Step 2: In the “Home” tab, select “Conditional Formatting” -> New Rule.
Step 3: In the window that opens, choose the “Classic” Style and the option “Use a formula that determines the cells to apply formatting.”
Step 4: Write the following formula: =COUNTIF($F$3:$F$9;$F3)>1
Step 5: Next, you can choose the format you want to give to the duplicate rows. In this case we will choose light red filling with dark letters. Finally, click “Accept”.
Thus, we obtain:
As for =COUNTIF($F$3:$F$9;$F3)>1, it is a similar procedure to the previous section. In this case, we want to compare the value of a cell in the new column with the rest of the column. Thus, for cell B3 the criterion for formatting it red is to count the number of times the value of F3 is repeated between F3 and F9. We see that the same value is in F8, that gives us a result of 2. That is greater than 1, therefore it is given a red format.

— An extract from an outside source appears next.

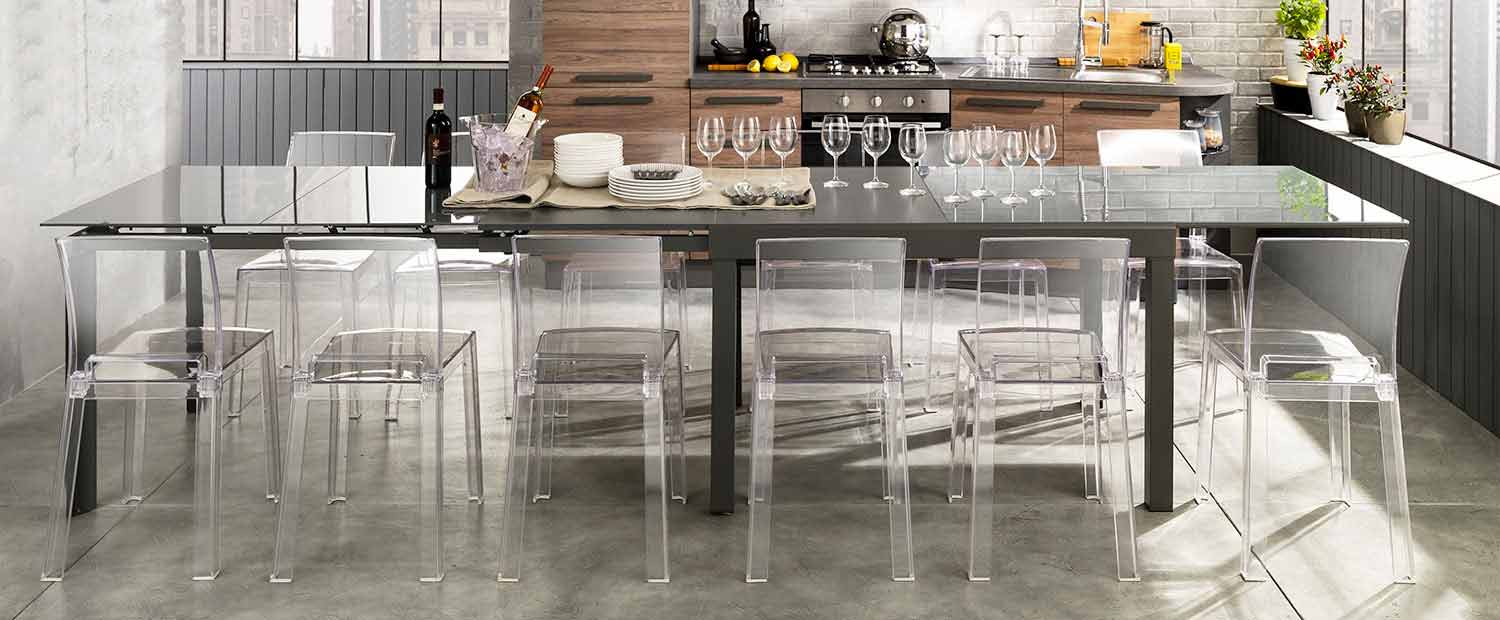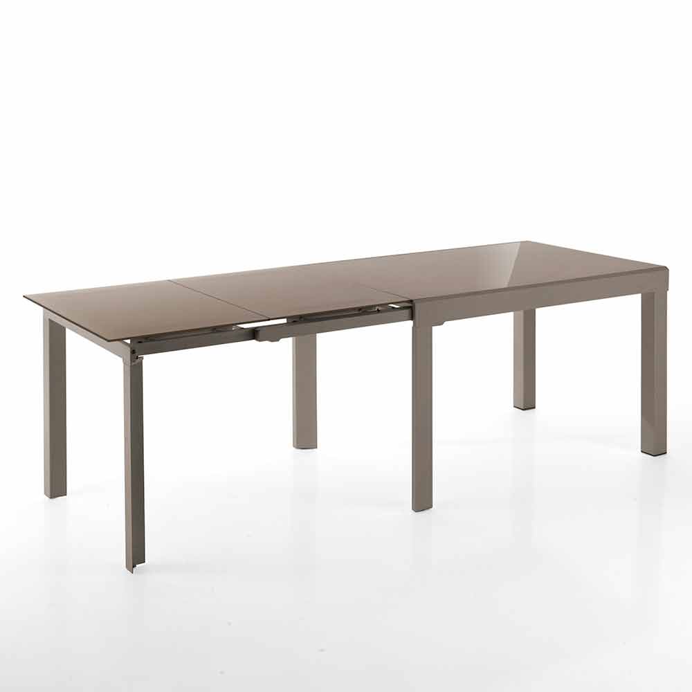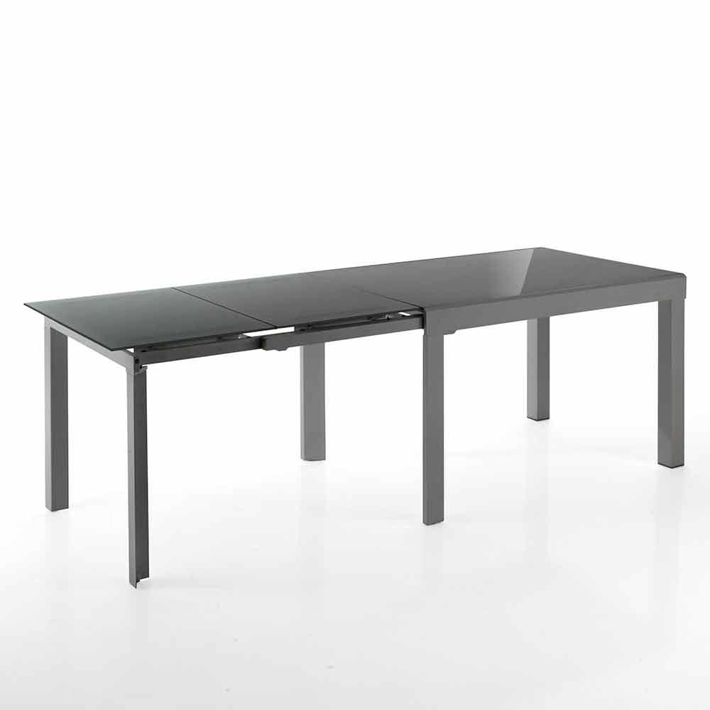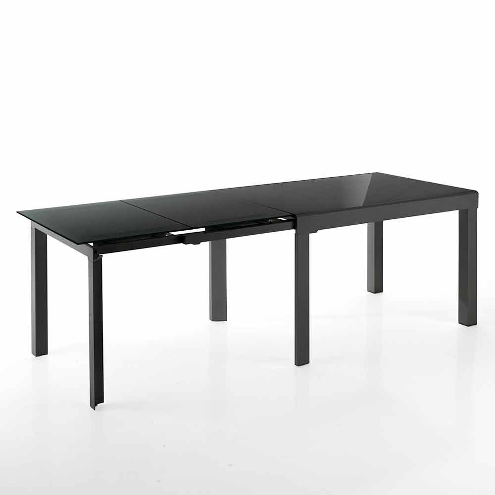 Romualdo es una práctica mesa de comedor extensible realizada con una tapa de vidrio templado (espesor 8 mm) y una base de metal pintado, disponible en tres acabados diferentes:

Then, for C3 the same thing will happen: the red format will be assigned depending on the number of times F3 appears between F3 and F9, so it is also formatted. Thus, the mechanism is repeated for the entire row and it remains in the red format.
Then, for B4 the criterion is whether the value of F4 is repeated between F3 and F9. Since it is not repeated, it remains with its original format and that is how it is for that entire row. Thus, all the data is traversed and only the duplicate rows remain with the red format.
Ninja Tip: If you do not want column F to be seen in which you have everything concatenated, then you can hide it by selecting the entire column and clicking on “Hide”.
And you get:
Remove duplicates
If what you are looking for is to find and remove duplicates, you must follow the following steps:
Step 1: Click anywhere in the list or table where you have your data.
Step 2: Go to the “Data” tab and click “Remove Duplicates”.
Step 3: In the window that opens, if your list or table has a header (title), check the “My list has headers” option.
Step 4: You must select the columns that will define the criteria for whether the data is duplicated. In this case we will select all because we want to delete the row only if it is 100% repeated. Click “Accept”.
And we have as a final result the table in which the purchase of Juan Fernández for $15,000 is eliminated:
Ninja Tip: By finding and removing duplicates you are altering your data, so it is recommended that you have a copy of your original data.
If we wanted, for example, to eliminate all the cells in which “Name” is duplicated, in Step 3 we would select only the “Name” option, as seen in the following photo:
When removing duplicates, the first mention is always kept and the rows below will be removed. Thus, for the name “Juan” only the first purchase by Juan Fernández remains for $15,000 and with respect to “Gonzalo” only Gonzalo Mesa remains, eliminating Gonzalo Jeria.
With these tips you can easily find and remove duplicates from your lists and databases.